Pour faire valoir sa décision, le ministre de Pêches et Océans Canada, Robert Thibault, a avancé deux arguments. Premièrement le nombre de phoques du Groenland aurait vu sa population progresser pour atteindre 5,2 millions d'individus, en 2002, contre 1,8 million en 1970. Deuxièmement, la chasse fait vivre 12.000 personnes.

On oublie les poissons


Il est à noter que le gouvernement canadien ne fait plus mention de la surconsommation présumée de poissons, notamment de morues par les phoques, alors que ce fut longtemps la raison avancée pour tuer les phoques. David Beven, directeur général de gestion des ressources à Pêches et Océans Canada, a même indiqué "rien ne prouve que les phoques soient responsables de la disparition de la morue, dont les stocks ne sont toujours pas reconstitués malgré un moratoire sur la pêche de ce poisson depuis plus de dix ans ». De toutes les façons, «Pêches et Océans Canada a renoncé à réaliser une étude sur la question. Le lien entre les deux espèces est trop compliqué à établir. » Ce n'était pas ce qui était dit avant pourtant...

Mesures de protection ?


Il n'empêche, le gouvernement canadien sait parfaitement que sa décision n'est pas de nature à lui attirer les faveurs de l'opinion publique mondiale. Aussi a-t-il décidé d'encadrer la chasse, en indiquant qu'il "est interdit de chasser des phoques adultes dans les aires de reproduction et de mise bas" et que "la capture de phoque du Groenland au stade de blanchon et de phoque à capuchon au stade de dos bleu est interdite".
Mais  le problème de la chasse au phoque n'est pas de savoir s'il est préférable de tuer animaux jeunes ou adultes. C'est de les tuer.
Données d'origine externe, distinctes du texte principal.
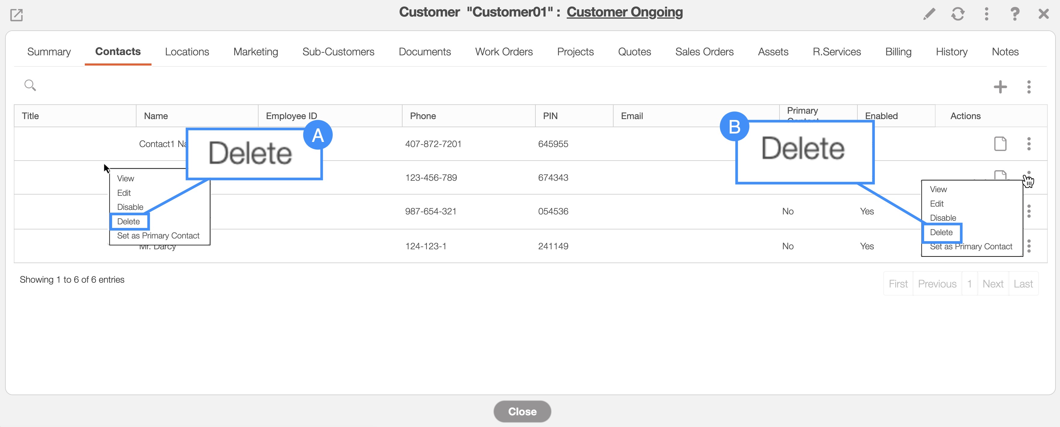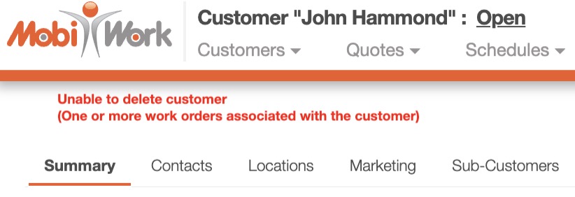 Please note that if there are any work orders associated with the customer, you will be unable to delete the customer: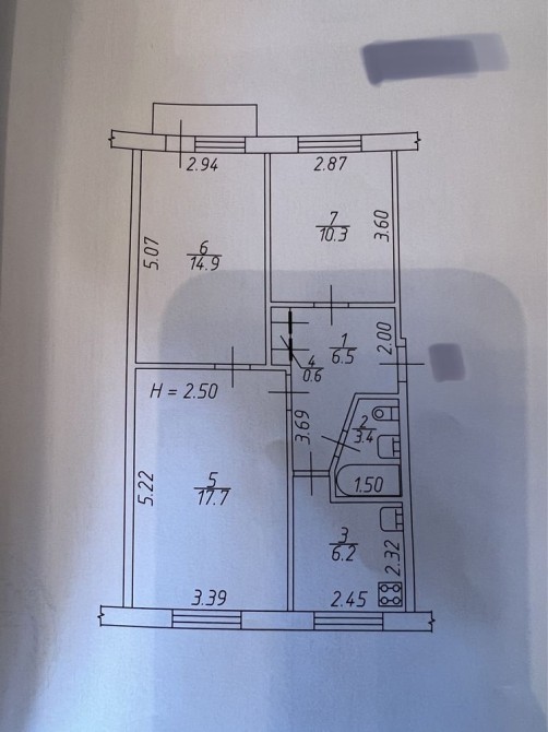 Квартира общей площадью 60.2 м2, формат: прихожая, три комнаты, кухня, совмещённый санузел, два балкона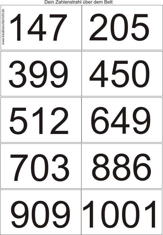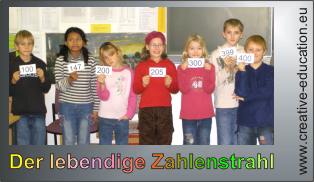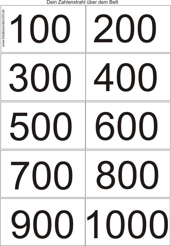 Hinweis für den Lehrer: Die beiden ABs auf DIN A3 vergrößern und als “Lebendigen Zahlenstrahl” einführen, danach erst dem Schüler mit nach Hause geben: Die Schüler bekommen die lamminierten Zahlen und müssen sich vor der Klasse aufstellen. Der Lehrer beginnt mit den glatten Hunderten und verteilt dann die übrigen Zahlen. So entsteht ein “Lebendiger Zahlenstrahl”. Durch tägliches Wiederholen festigt sich die Vorstellung. Mit der zeit sollten auch die Abstände zu den glatten Hunderten brücksichtigt werden.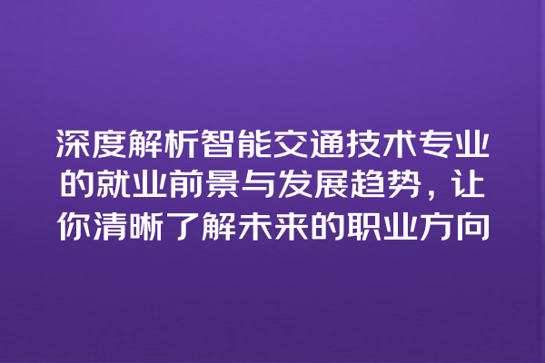 智能交通技术专业正处于蓬勃发展的阶段,拥有良好的就业前景和发展空间。通过学术与实践的结合,学生们可以在的职业道路上走得更远。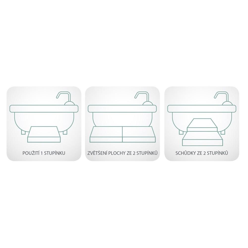 Pohodlné řešení vnější dorovnání výšky dna vany, které ulehčuje bezpečný přesun do/z vany. Součástí balení jsou dva 2 cm zvyšovací díly, kterými lze docílit požadovanou výšku 5, 7 nebo 9 cm. V případě potřeby je možné dokoupit až 8 dalších dílů Prima Step 61920 a zvednout stupínek až na 30 cm. Více stupínků lze mezi sebou vzájemně nakombinovat a spojit pro zvětšení plochy nebo jako schůdky.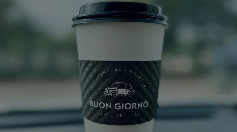 a hand holding a coffee cup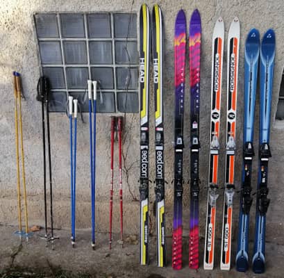 Sprzedam 4 pary nart. Wymiary od lewej: długość 197cm, 194cm, 189cm, 182cm. Narty do obejrzenia w Wolbromowie koło Gryfowa Śląskiego. Cena 600zł za 4 pary nart. Jest możliwość zakupu pojedynczych par nart za 150 zł od pary. Zapraszam do kontaktu.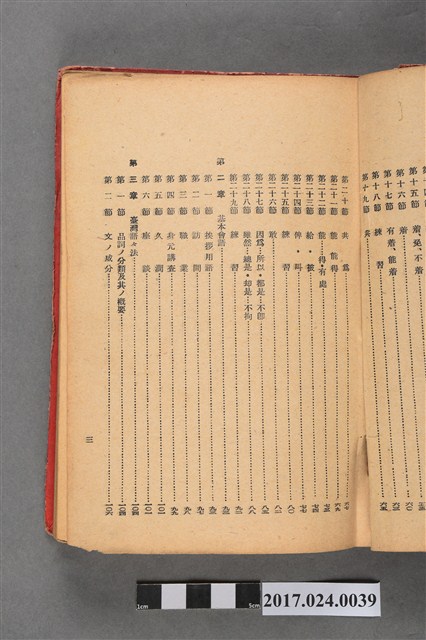 本文物為《臺灣語教科書》改訂第11版,於昭和19年(1944年)臺灣總督府警察官及司獄官練習所發行,應是用來當作在臺日本警察學習臺灣語的課本。依照書中內中可分有兩部分,第一部分是是緒論,介紹臺灣的語言,客家、福建人在臺灣的分布,以及臺灣語的發音、語調等;第二部分是教授臺灣語,依順序是「基準語形」(如是、不是、有、無)、「基本會話」(如訪問)、「臺灣語法」、「會話」(如戶口實查、清潔法檢查、警備用語)、「單語類集」(如數目、時令等名詞與形容詞)。(撰稿人:曾國棟)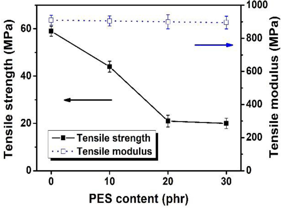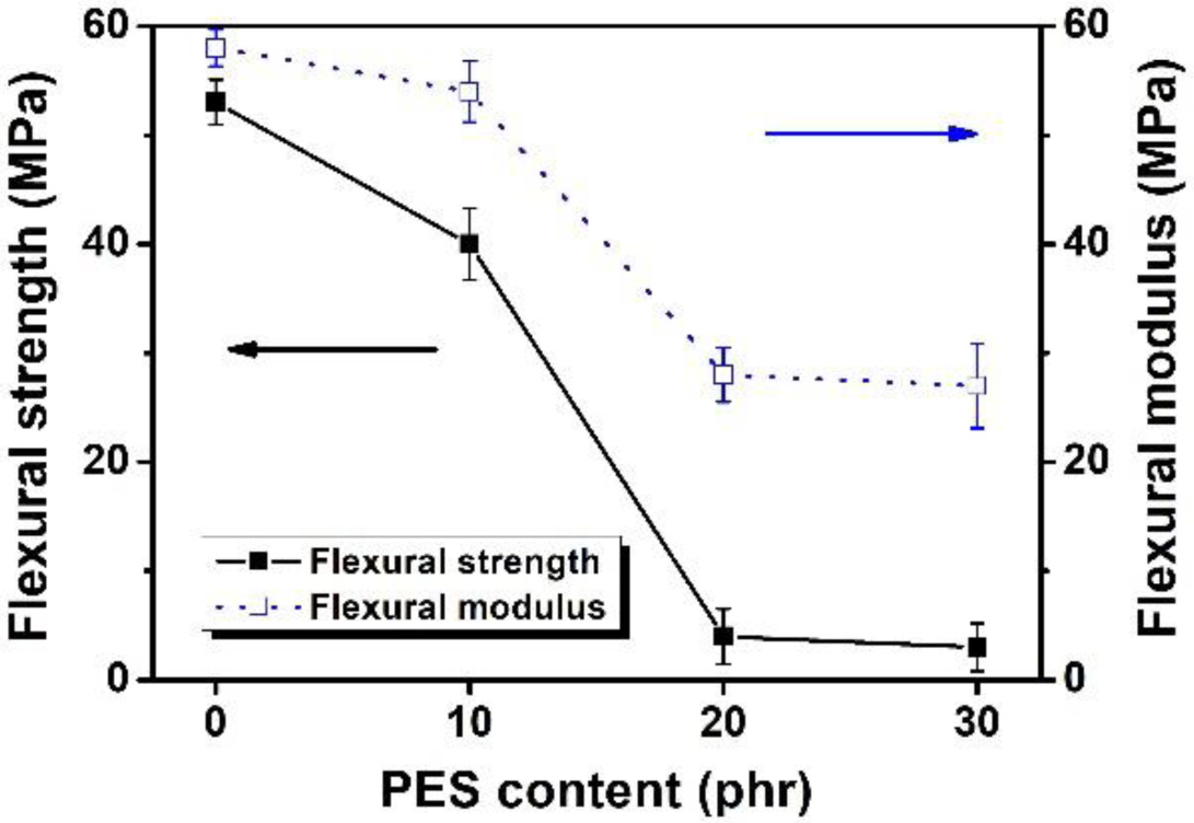 인장 및 굴곡 특성. 에폭시 수지 경화시편을 제조하여 PES첨가에 따른 인장 및 굴곡 특성을 평가하였다. 인장강도 및 탄성률, 굴곡강도 및 탄성률을 각각 Figure 1314에 나타내었다. 인장강도와 인장탄성률 모두 PES 함량이 증가할수록 감소하였으며, PES의 함량이 30 phr일 때, PES를 첨가하지 않은 시편에 비교하여 강도는 약 64%, 탄성률은 약 2.5% 감소함을 확인하였다. 굴곡특성도 마찬가지로 인장특성 결과와 유사하게 그 값이 감소하는 경향을 나타냈으며, 굴곡강도와 탄성률이 PES 미첨가 시편과 비교하였을 때, PES 함량 30 phr의 조건에서 각각 약 93, 53% 감소함을 확인할 수 있었다. 이는 PES 함량이 증가할수록 경화되는 부분이 상대적으로 감소하고, PES가 에폭시의 가교결합 형성을 방해하거나 에폭시 수지 내에 불균일한 상을 형성하여 나타난 결과로 사료된다.

Manuel pour tuer proprement


On le sait, le méthodes employées pour tuer les phoques sont assez primitives : à coup de gourdin, à coup de hakapik (sorte de harpon) ou à coup de fusil. Cette dernière ressource est nettement moins employée car plus coûteuse. Or, une fois l'animal présumé mort, il est saigné ou écorché. Cependant il arrive que le phoque soit encore vivant.
Cela, les associations de protection animale le dénoncent depuis des années sous les ricanement des autorités canadiennes, qui parlaient de sensiblerie excessive. Mais, là encore revirement.

Gazette du Canada


En effet, le 20 mars 2003 a été signé le règlement sur les mammifères marins, publié au journal officiel, la Gazette du Canada, le 9 avril 2003. Il prévoit de nouvelles méthodes d'évaluation pour déterminer la survenue de la mort de l'animal en son article 29 : "Il est interdit de commencer à écorcher ou à saigner un phoque avant d'avoir confirmé sa mort au moyen d'un test de réflexe de clignement".

Quelques organes


Si l'animal cligne encore des yeux, le chasseur doit préalablement l'achever en lui frappant le front jusqu'à ce que le crâne soit écrasé.
Par ailleurs, il est aussi interdit d'abattre les phoques pour en prélever simplement quelques organes. Là encore le gouvernement canadien, par cette interdiction, reconnaît que cela se pratiquait auparavant.
Puisque petit à petit, il s'aperçoit que les objections des protecteurs de la nature sont le reflet de la réalité, ne reste plus à espérer qu'il en vienne un jour à interdire purement et simplement cette chasse.